→ **Recorded information**:
--- START ---

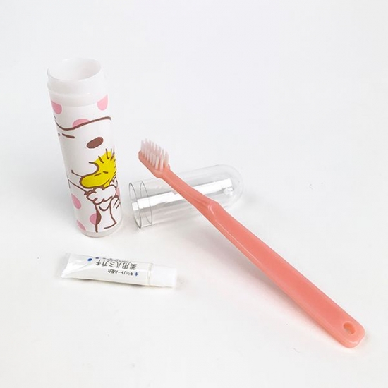 コーラルピンクがキュートな、スヌーピーのハグデザインの歯ブラシセットです。
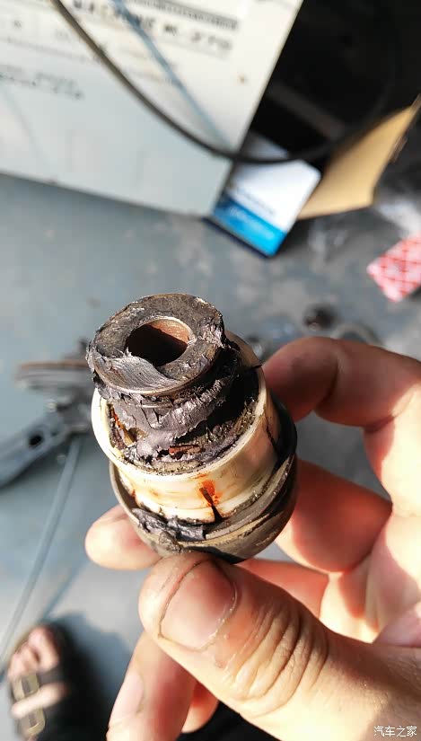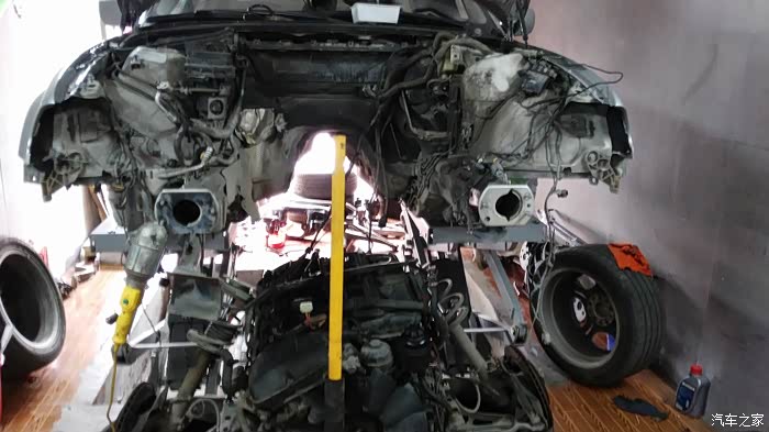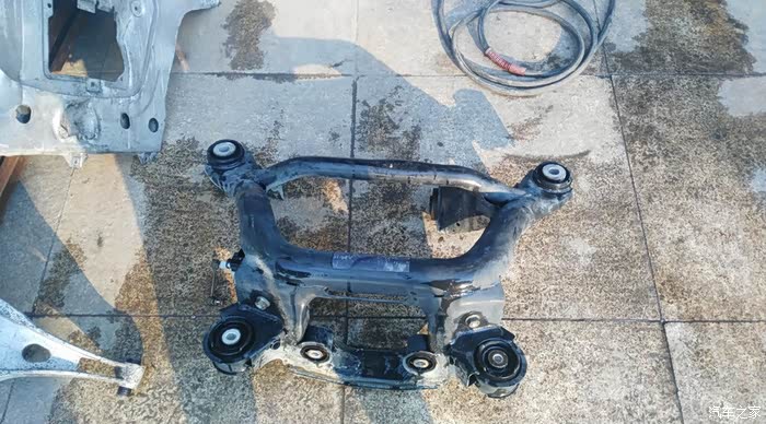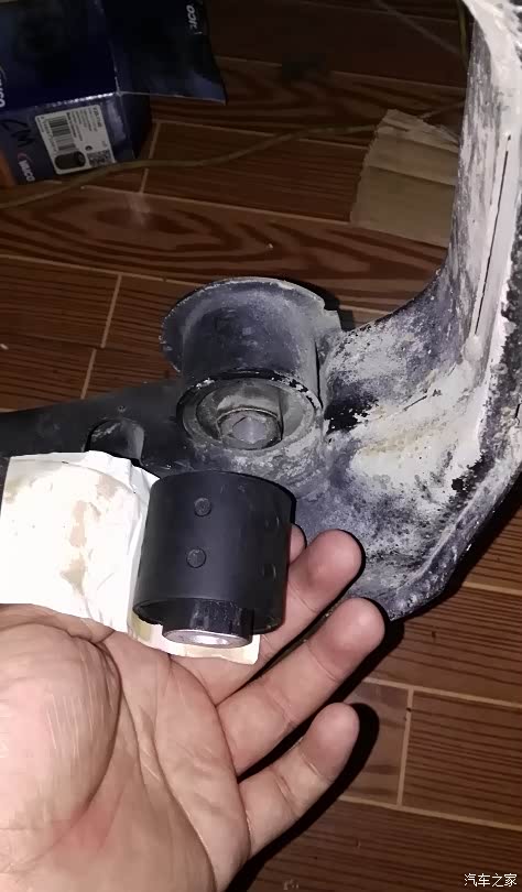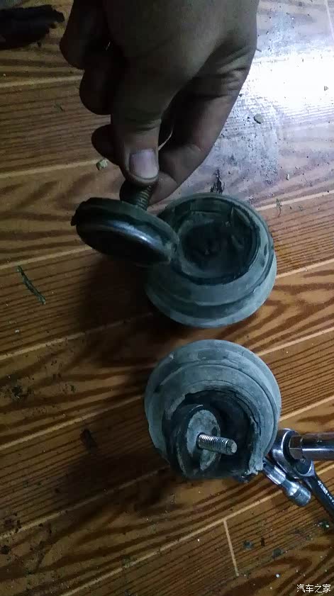 拆前面元宝梁的时候发现原车机脚胶居然已经完全分体了,也不知道前车主怎么开的,居然没事。福大命大。
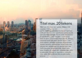 Korte uitleg onder de titel  80 - 120 tekens incl. spaties, logo (png, jpg) minimaal  600px. Achtergrond foto (jpg/png) liggend formaat minimaal 1700px breed.  deze tekst linkt naar de eerste pagina van het magazine
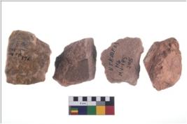 | Description / विवरण | There are n-4 of utilized flake cores. There are multidirectional irregular dominant scar pattern on both dorsal and ventral face of the cores. Some of them bulge of percussion and some are flat flake cores. |

--- END ---

→ **Exercise directions**:
Repeat every line of the data above exactly, but drop the pictures.

→ **Answer to this task**:
 コーラルピンクがキュートな、スヌーピーのハグデザインの歯ブラシセットです。
 拆前面元宝梁的时候发现原车机脚胶居然已经完全分体了,也不知道前车主怎么开的,居然没事。福大命大。
 Korte uitleg onder de titel  80 - 120 tekens incl. spaties, logo (png, jpg) minimaal  600px. Achtergrond foto (jpg/png) liggend formaat minimaal 1700px breed.  deze tekst linkt naar de eerste pagina van het magazine
 | Description / विवरण | There are n-4 of utilized flake cores. There are multidirectional irregular dominant scar pattern on both dorsal and ventral face of the cores. Some of them bulge of percussion and some are flat flake cores. |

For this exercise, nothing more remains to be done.